What you need to do:
Exactly as they appear below, repeat the lines from the one with "ପଶ୍ଚିମ ଓଡ଼ିଶାରେ ହାଇକୋର୍ଟ" through the one with "Wysstättgrat, Blick auf Wildstrubel.". Drop every picture.
..........
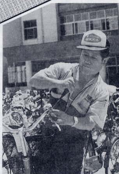
自転車店の御主人にも お世話になりました — 自転車点検 —
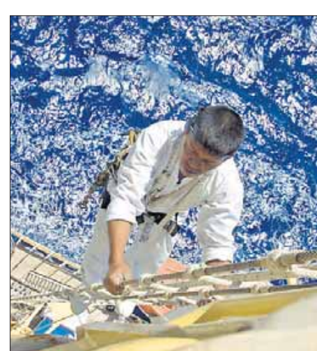
Auf dem Weg nach oben: Von Rah zu Rah werden die Wanten steiler.
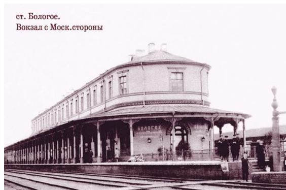
ст. Бологое. Вокзал с Моск.стороны

Комплект подготовлен издательством «ИСТОКИ». Большая помощь в работе была оказана бологовским краеведческим музеем, а также коллекционерами, предоставившими для этого проекта свои собрания. Комплект из 15 сюжетов вышел с подзаголовком «выпуск 2», первое издание вышло в свет в 2009 году и быстро стало редкостью. Издательство благодарит всех, кто оказал какую-либо помощь в работе над выпусками.
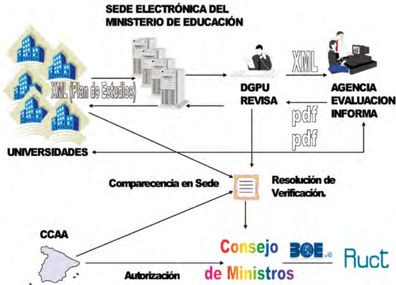
FIGURA 1. Esquema del modelo colaborativo

a la que pertenece y enviar mediante el registro electrónico del Ministerio de Educación el fichero XML correspondiente. Si éste es introducido de manera previa, como representante legal de la Universidad en el XML a enviar, o de forma alternativa, proceder a la impresión desde el servidor del Ministerio. Esta vez, con el CSV y sin marca de aguas, para presentarlo de forma manuscrita en papel por un registro presencial, cumpliendo así con el Principio de Igualdad pro-
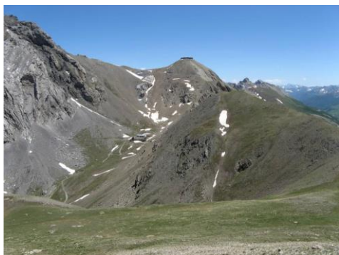
Tête de Viraysse

Groupe 2 : 1065 m - 18km, possibilité de réduire un peu le dénivelé.
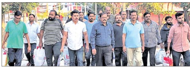
ସମ୍ବଲପୁର କେଲରୁ ବାହାରିଥିବା ଓକିଲମାନେ ।

ପଶ୍ଚିମ ଓଡ଼ିଶାରେ ହାଇକୋର୍ଟ ବେଞ୍ଚ ପ୍ରତିଷ୍ଠା ଦାବିରେ ଆନ୍ଦୋଳନକ୍ରମିତ ଭଙ୍ଗାଟୁଣା ମାମଲାରେ ରିଟ୍ ହୋଇଥିବା ୭୯ ଜଣ ଆଇନଜୀବୀଙ୍କୁ ହାଇକୋର୍ଟ କ୍ରମ୍ଭାବର ସରମୂଳକ କାମିନ ପ୍ରଦାନ କରାଯାଇଛି। ଶନିବାର ସମ୍ବଲପୁର କୋର୍ଟରେ କାର୍ଯ୍ୟକ୍ରମ ପ୍ରକ୍ରିୟା ଶେଷ ହେବା ପରେ ଅପରାହ୍ଣ ପ୍ରାୟ ସାଢ଼େ ୪ଟା ସମୟରେ ଓକିଲମାନେ କେଲରୁ ବାହାରିଥିଲେ। କେଲ ବାହାରେ ଅପେକ୍ଷା କରିଥିବା ପରିବାର ପରିଜନଙ୍କ ସହ ସେମାନେ ଘରକୁ ଯାଇଥିଲେ। ହାଇକୋର୍ଟରେ ସର୍ତ୍ତ ରହିଥିବାକୁ ଗଣମାଧ୍ୟମ
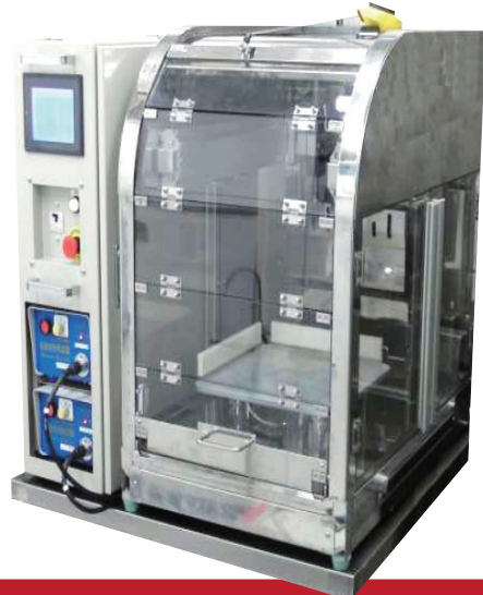
分割型 320幅マルチスライサー

320角シートケーキ (6取り天板2分割) 350長さ ロール/パウンドケーキ 9号ホールケーキ
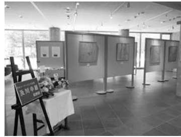
▲昨年の絵画展のようす
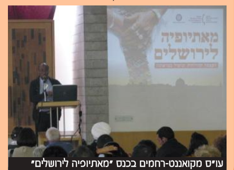
עו"ס מקואנט-רחמים בכנס 'מאתיופיה לירושלים'

"חשוב להרחיב את תכניות העצמת הקהילה האתיופית בהתמודדותה עם טראומות העלייה והקליטה" - דברי עו"ס
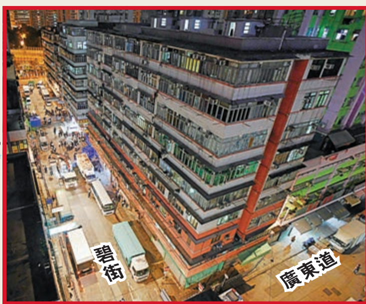
▲政府昨晚七時突然宣布將油麻地碧街9-27號和東安街3號順豐大廈，劃為指定「受限區域」。
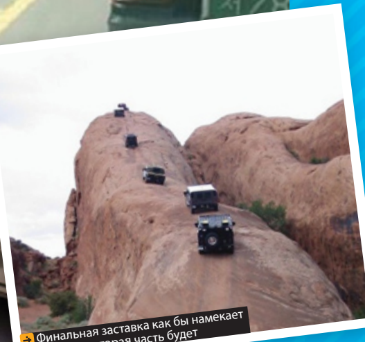
Финальная заставка как бы намекает на то, что вторая часть будет
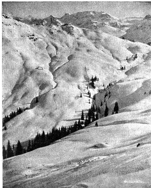
Wysstättgrat, Blick auf Wildstrubel.

Am den hellen Wintertagen aber, wo der Himmel im tiefblauen Kleide sich zeigt und die gerundeten Zinnen und Kuppen der Berge wie eitel Gold strahlen, da ist die Landschaft Gstaad ein Gemälde von einer Größe und Farbenpracht
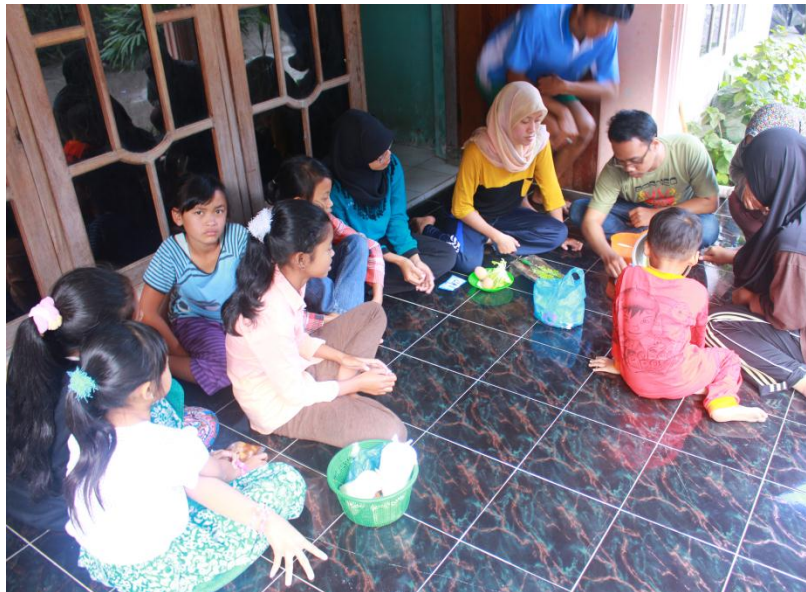
Gambar pelatihan pengolahan sayuran
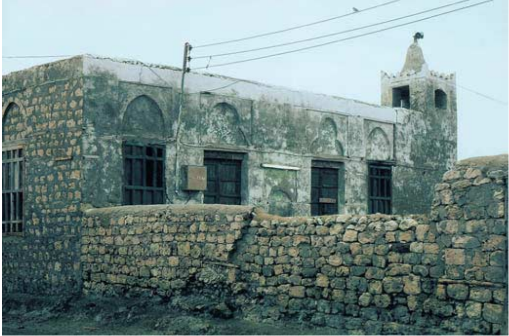
Abb. 33: Alte Moschee von al-Qunfudha
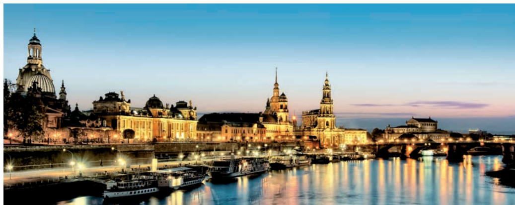
Panorama der Dresdener Innenstadt zur blauen Stunde

Die Kulturstadt an der Elbe hat viel zu bieten: Bewundern Sie die herrliche, wiederaufgebaute Frauenkirche bei einem Sonderkonzert. Erleben Sie Dresden auf einem Rundgang auf den Spuren Erich Kästners, der 1899 hier geboren wurde. In der legendären Schatzkammer, dem Grünen Gewölbe, gibt es grosse «Oper» für die Augen und auf der Elbe eine beschauliche Schifffahrt auf einem nostalgischen Raddampfer. Auch die Kultur und Traditionen der Lausitz werden vorgestellt, denn ein beträchtlicher Teil der hiesigen Vereinsmitglieder wohnt in der Lausitz und im Dresdner Umland – oft als Nachkommen bäuerlicher Auswanderer. Kulinarisch werden Sie mit
..........
Solution to the problem:
ପଶ୍ଚିମ ଓଡ଼ିଶାରେ ହାଇକୋର୍ଟ ବେଞ୍ଚ ପ୍ରତିଷ୍ଠା ଦାବିରେ ଆନ୍ଦୋଳନକ୍ରମିତ ଭଙ୍ଗାଟୁଣା ମାମଲାରେ ରିଟ୍ ହୋଇଥିବା ୭୯ ଜଣ ଆଇନଜୀବୀଙ୍କୁ ହାଇକୋର୍ଟ କ୍ରମ୍ଭାବର ସରମୂଳକ କାମିନ ପ୍ରଦାନ କରାଯାଇଛି। ଶନିବାର ସମ୍ବଲପୁର କୋର୍ଟରେ କାର୍ଯ୍ୟକ୍ରମ ପ୍ରକ୍ରିୟା ଶେଷ ହେବା ପରେ ଅପରାହ୍ଣ ପ୍ରାୟ ସାଢ଼େ ୪ଟା ସମୟରେ ଓକିଲମାନେ କେଲରୁ ବାହାରିଥିଲେ। କେଲ ବାହାରେ ଅପେକ୍ଷା କରିଥିବା ପରିବାର ପରିଜନଙ୍କ ସହ ସେମାନେ ଘରକୁ ଯାଇଥିଲେ। ହାଇକୋର୍ଟରେ ସର୍ତ୍ତ ରହିଥିବାକୁ ଗଣମାଧ୍ୟମ
分割型 320幅マルチスライサー

320角シートケーキ (6取り天板2分割) 350長さ ロール/パウンドケーキ 9号ホールケーキ
▲昨年の絵画展のようす
עו"ס מקואנט-רחמים בכנס 'מאתיופיה לירושלים'

"חשוב להרחיב את תכניות העצמת הקהילה האתיופית בהתמודדותה עם טראומות העלייה והקליטה" - דברי עו"ס
▲政府昨晚七時突然宣布將油麻地碧街9-27號和東安街3號順豐大廈，劃為指定「受限區域」。
Финальная заставка как бы намекает на то, что вторая часть будет
Wysstättgrat, Blick auf Wildstrubel.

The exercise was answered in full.